The flowers are white, pale mauve or pink in spikes of between 30 and 60 individual flowers, the spikes up to 50 mm long and 15 mm in diameter. Flowering occurs between September and February and is followed by fruit which are almost spherical woody capsules 2-3 mm long in clusters up to 50 mm long.

==Taxonomy and naming==
This species was first formally described in 1847 by the Russian botanist Nikolai Turczaninow in Bulletin de la Société Impériale des Naturalistes de Moscou. The specific epithet (hamulosa) is from the Latin word hamus meaning "a hook", "in reference to the recurved apex of the leaves of this species".
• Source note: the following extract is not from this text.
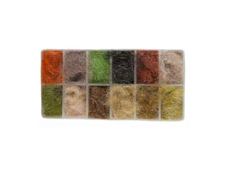 Dispenser med 12 farger av dubbing for nymfer våtfluer og streamere.

==Distribution and habitat==
Melaleuca hamulosa occurs in the Avon Wheatbelt, Coolgardie, Esperance Plains, Geraldton Sandplains, Jarrah Forest, Mallee and Yalgoo biogeographic regions. It grows in sandy soils, usually over clay in winter-wet depressions and swamps in kwongan or shrubland.

==Conservation status==
Melaleuca hamulosa is listed as not threatened by the Government of Western Australia Department of Parks and Wildlife.